After seeking safe shelter in an abandoned mine shaft, Winton says the man and child realise they're not alone and are taken prisoner.

"Essentially, the novel is the story told by this guy through a long day and a long night, telling stories to explain himself to give his bona fides and probably also to explain his own life to himself."

Juice's narrator reflects on his childhood in Western Australia and his beloved mother - "the uber-competent warrior mother who's appeared in my work before".

"Also he's telling the story to save his own life because he's pretty sure that if he can't get through to the guy who's taken him and the girl captive, he'll be killed come morning."

Readers of Juice shouldn't expect a happy ending, Winton says.

"The book, rather typically I'm afraid, ends on a knife's edge. I'm not really a provider of closure. I haven't been for my artistic life. I think it's a figment. I think it's a false consolation."

For Winton, Juice has a "defiantly hopeful" quality, despite the story world's harshness.

As an "activist in the shadows", Winton sees reasons to remain hopeful about what humanity can still action and achieve.

"Are we good enough for our moment? Are we going to screw this up? Are we going to lose the world on our watch? Are we going to consign our descendants to hell? Or are we better than that?

"I think the world is good and I think people are good. They are lazy and they've been trained to be passive because that's what suits the people who profit from our passivity.

"We all just want to go shopping and not confront that as a global culture - and as a species, we're on the razor's edge"

These days, Winton spends a bit of time wondering what the lives of his six grandkids and their own grandkids will be like.
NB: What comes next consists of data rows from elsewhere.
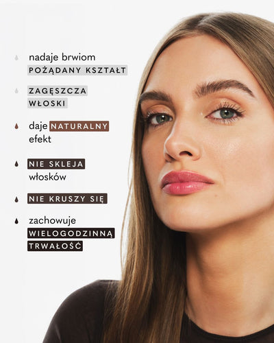 Odkryj długotrwały efekt utrwalenia pożądanego kształtu brwi i podkreśl oprawę oczu. Dzięki naszemu żelowi uzyskasz wygląd naturalnie gęstych, ułożonych włosków!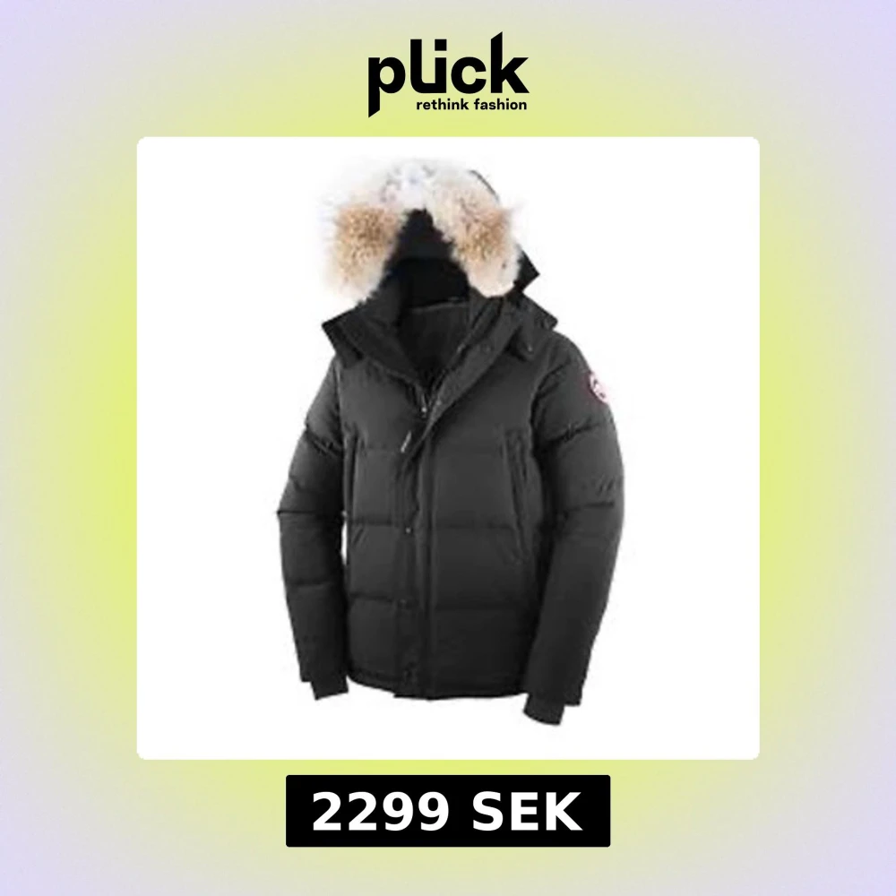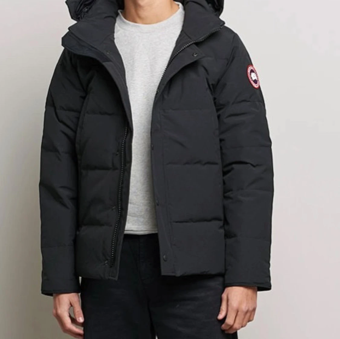 Säljer en svart dunjacka från Canada Goose med huva och snygg pälsdetalj. Jackan har ett klassiskt quiltat mönster, dragkedja och knappar framtill samt logotyp på ärmen. Perfekt för kalla vinterdagar och har en riktigt schysst passform.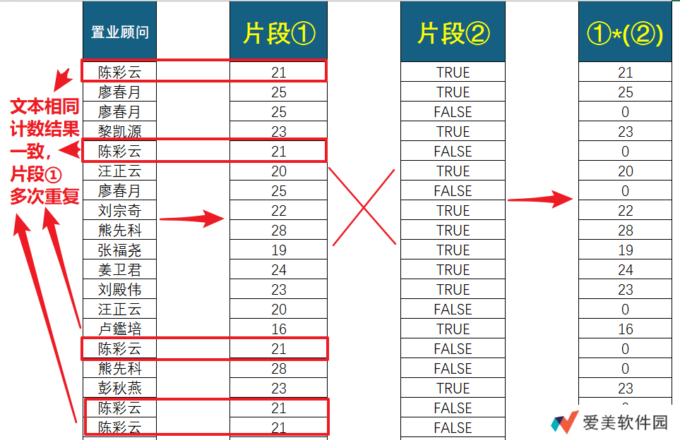 而②为逻辑数组,仅首次出现位置处为 TRUE(计算时为 1),其余为 FALSE(计算时为 0);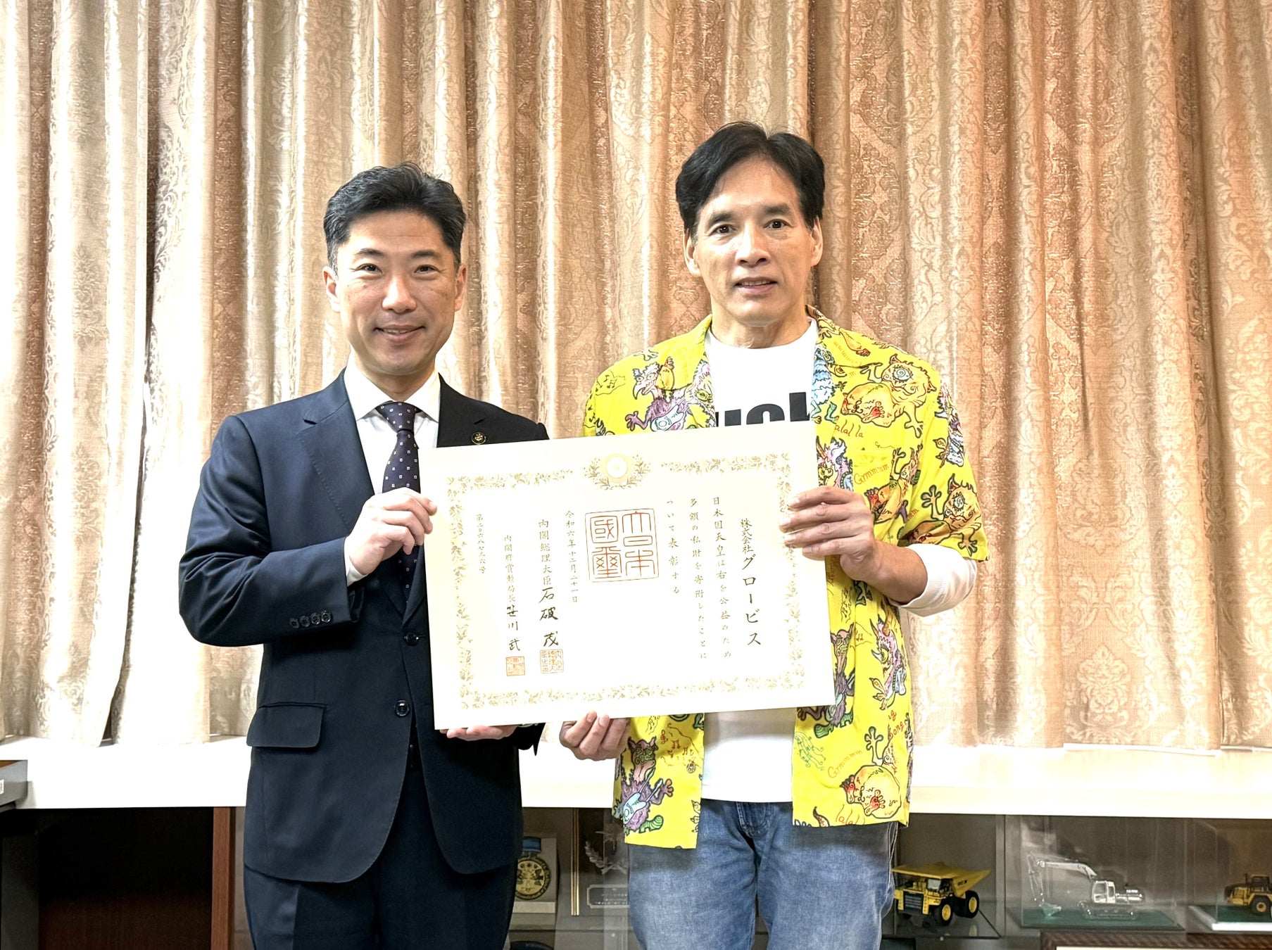 「ひたちなか市役所にて執り行われた紺綬褒章の伝達式において、大谷市長より天皇陛下のお言葉を賜りましたことは、誠に身に余る光栄であり、心より感謝申し上げます。グロービスは社会貢献活動の一環として『水戸ど真ん中再生プロジェクト』をはじめ、水戸・茨城の地方創生を推進してまいりました。今後も、ひたちなか市をはじめ、茨城県、そして日本の発展のために、より一層尽力いたします」

"What we do now in the next six or seven years will probably determine the fate of the earth and for those who come after us - what kind of lives they can lead, how long their lives will be, what their birth weights will be, what their lifespan will be, what they'll eat, what the temperature of the world will be.

"It's hard to know which way we're going to go. My fervent hope and belief is that we will find ourselves, that we will do the right thing."